> Exercise instructions:
Your task is to transcribe exactly, and only, the lines running from the one with "Pokój z aneksem" to the end of the listing below, inclusive, with every picture left out.

> Supplied information:
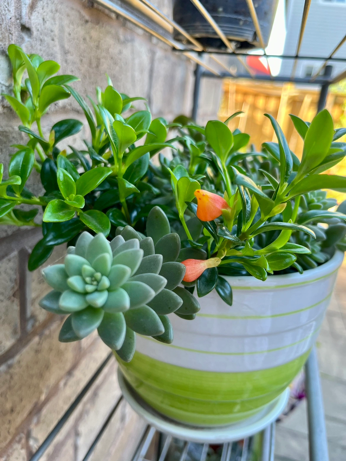 This plant has green leaves and orange flowers. It is in a white and green pot.
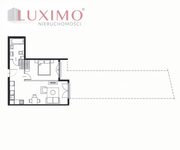 Pokój z aneksem kuchennym, ( 21,98 m²), sypialnia ( 11,56 m²), łazienka (4,71 m²), przedpokój ( 5,08 m²), ogród ( 50,64 m²).
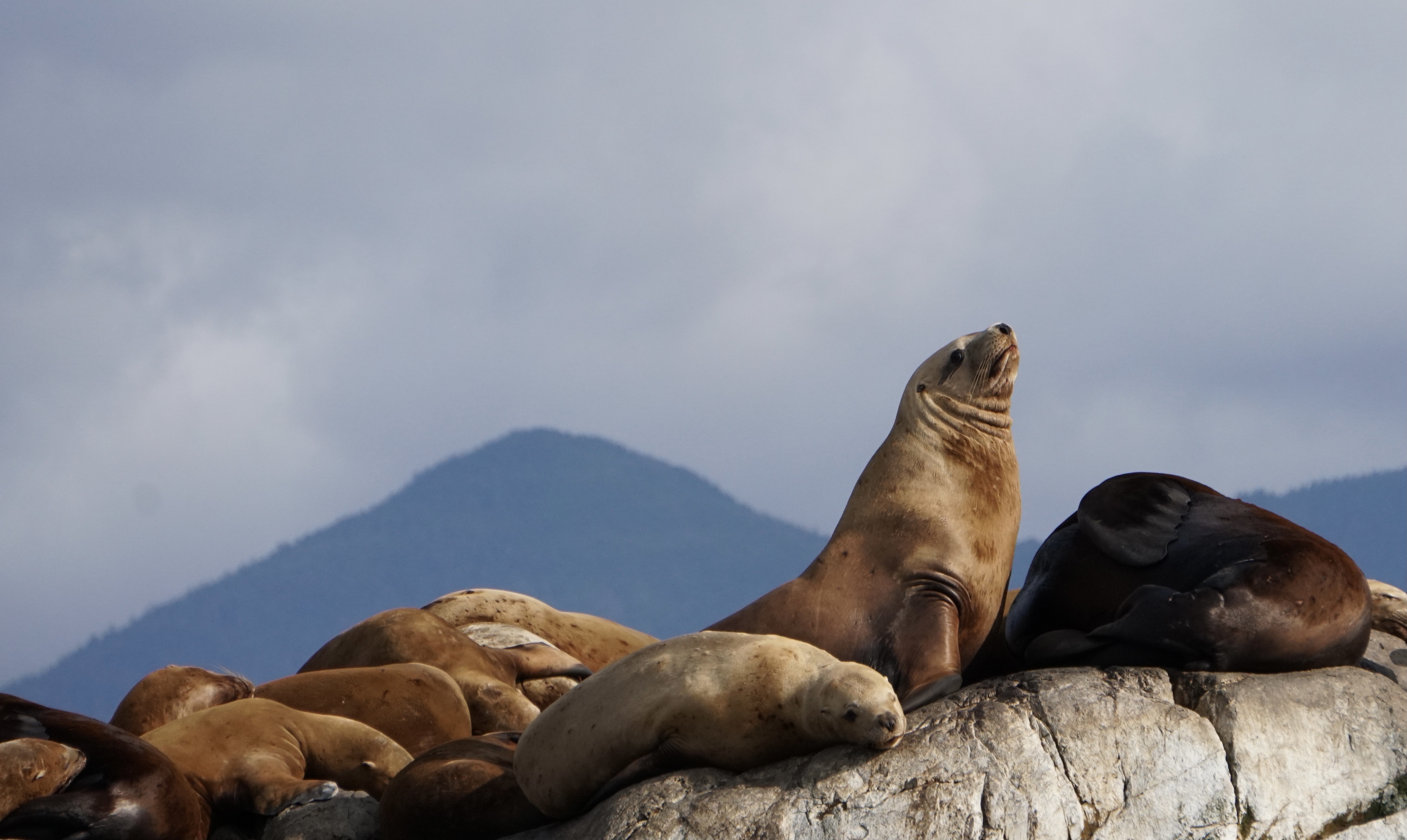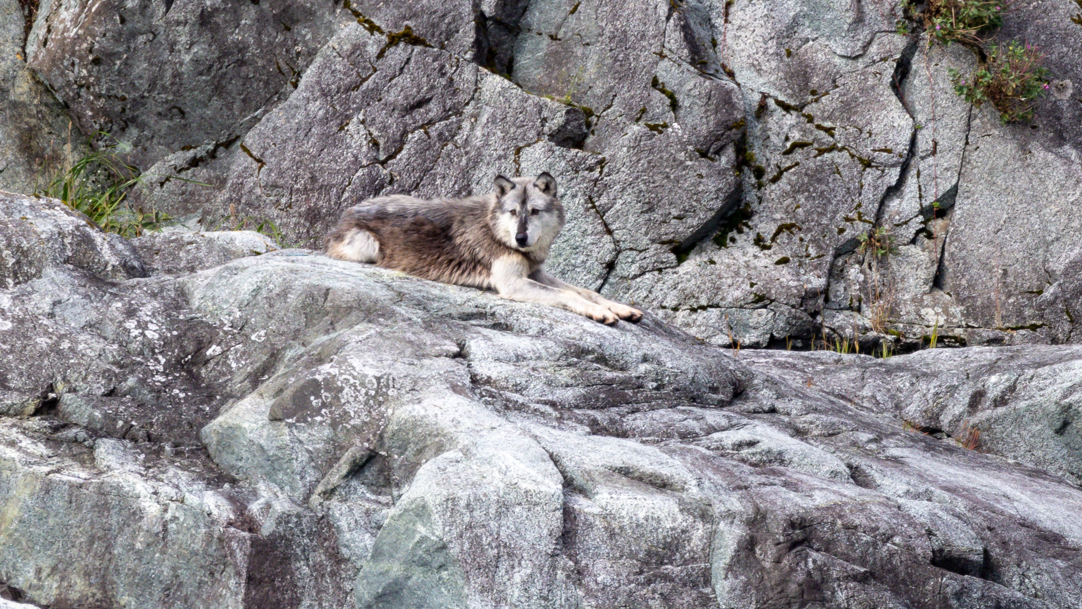 They say you need “fair weather” to see the Fairweather mountain range in Glacier Bay, and we got better than that with almost clear blue skies and mountains peeking out through a thin layer of clouds. We started our exploration of the Glacier Bay National Park at Johns Hopkins Glacier seeing the immensity of the landscape from sea level up to the 15,300 feet peak of Mount Fairweather. Then it was onto Margerie Glacier where the little ice floes sparkled in the morning sun. However, the real treat was yet to come. As we traversed through Russell Cut, a lone gray wolf sat patiently on the shore of Russell Island as everyone got photos. On the opposite shore, a female coastal brown bear and its cub was spotted so we went to safely investigate while they meandered along the shoreline. After lunch we slowly drifted by South Marble Island, hearing the grunts of Steller sea lions and watching the tufted puffins fly in and out. To finish the day, we moored at Bartlett Cove and stretched our legs with some hiking into the forest admiring the porcupines!

> Reply to the task:
 Pokój z aneksem kuchennym, ( 21,98 m²), sypialnia ( 11,56 m²), łazienka (4,71 m²), przedpokój ( 5,08 m²), ogród ( 50,64 m²).
 They say you need “fair weather” to see the Fairweather mountain range in Glacier Bay, and we got better than that with almost clear blue skies and mountains peeking out through a thin layer of clouds. We started our exploration of the Glacier Bay National Park at Johns Hopkins Glacier seeing the immensity of the landscape from sea level up to the 15,300 feet peak of Mount Fairweather. Then it was onto Margerie Glacier where the little ice floes sparkled in the morning sun. However, the real treat was yet to come. As we traversed through Russell Cut, a lone gray wolf sat patiently on the shore of Russell Island as everyone got photos. On the opposite shore, a female coastal brown bear and its cub was spotted so we went to safely investigate while they meandered along the shoreline. After lunch we slowly drifted by South Marble Island, hearing the grunts of Steller sea lions and watching the tufted puffins fly in and out. To finish the day, we moored at Bartlett Cove and stretched our legs with some hiking into the forest admiring the porcupines!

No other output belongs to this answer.